Give back exactly the lines of the data below, starting with the line that has "sharp edges. |" and going on through the line that has "크게 신뢰하지 않는 상황".
*** Given entries Section Begins ***
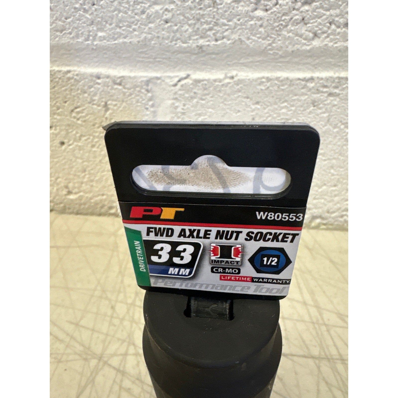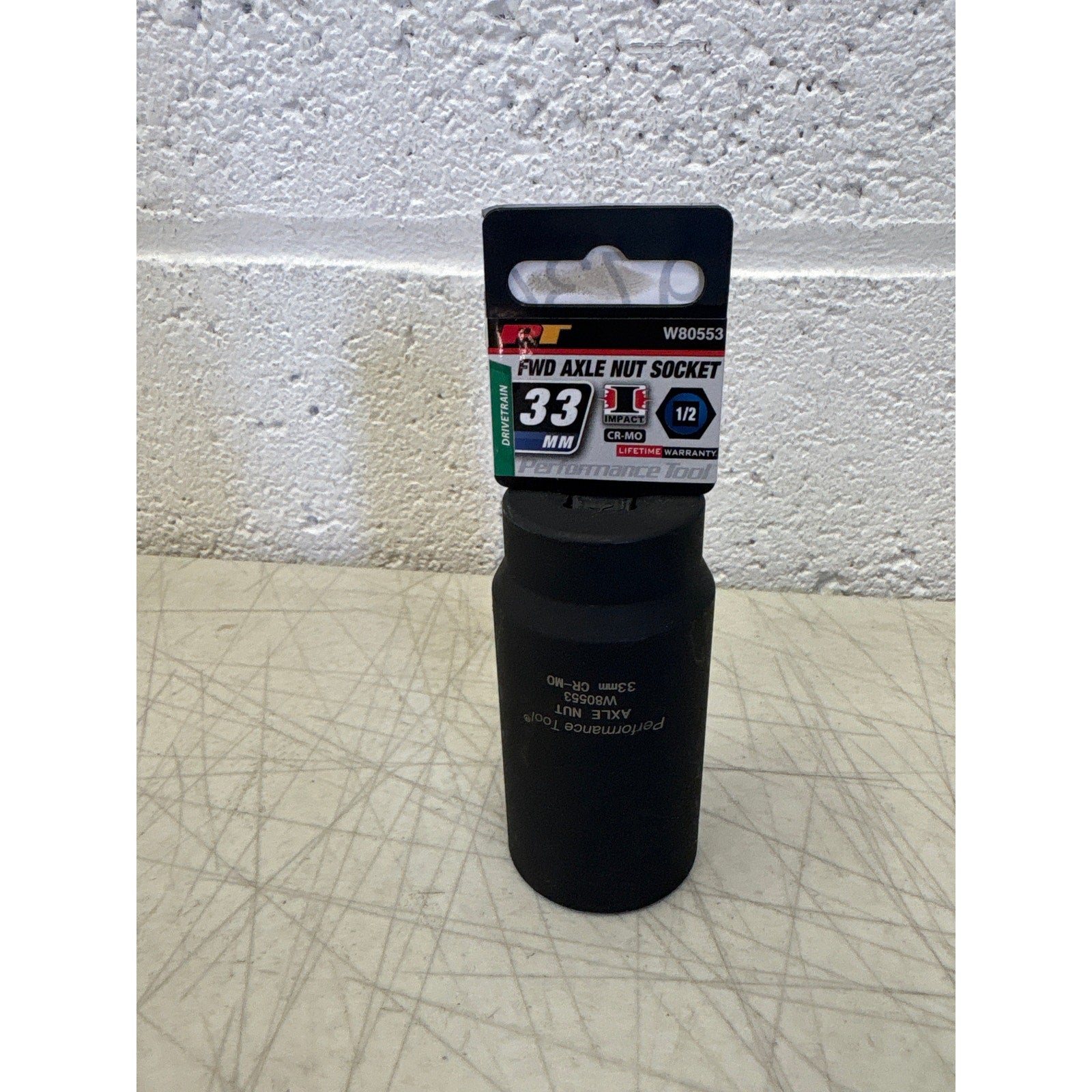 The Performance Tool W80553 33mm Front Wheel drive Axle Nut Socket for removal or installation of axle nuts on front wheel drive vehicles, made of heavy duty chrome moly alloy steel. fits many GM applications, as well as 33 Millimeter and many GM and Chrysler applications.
*** Given entries Section Ends ***
*** Given entries Section Begins ***
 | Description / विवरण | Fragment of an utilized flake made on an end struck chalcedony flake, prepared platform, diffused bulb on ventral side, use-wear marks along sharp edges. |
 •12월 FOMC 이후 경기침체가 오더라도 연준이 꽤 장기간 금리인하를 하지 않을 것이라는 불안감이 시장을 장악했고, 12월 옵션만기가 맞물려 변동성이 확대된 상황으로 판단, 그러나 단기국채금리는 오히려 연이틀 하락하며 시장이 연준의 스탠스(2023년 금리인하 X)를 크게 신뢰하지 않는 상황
*** Given entries Section Ends ***
Exercise solution>
 | Description / विवरण | Fragment of an utilized flake made on an end struck chalcedony flake, prepared platform, diffused bulb on ventral side, use-wear marks along sharp edges. |
 •12월 FOMC 이후 경기침체가 오더라도 연준이 꽤 장기간 금리인하를 하지 않을 것이라는 불안감이 시장을 장악했고, 12월 옵션만기가 맞물려 변동성이 확대된 상황으로 판단, 그러나 단기국채금리는 오히려 연이틀 하락하며 시장이 연준의 스탠스(2023년 금리인하 X)를 크게 신뢰하지 않는 상황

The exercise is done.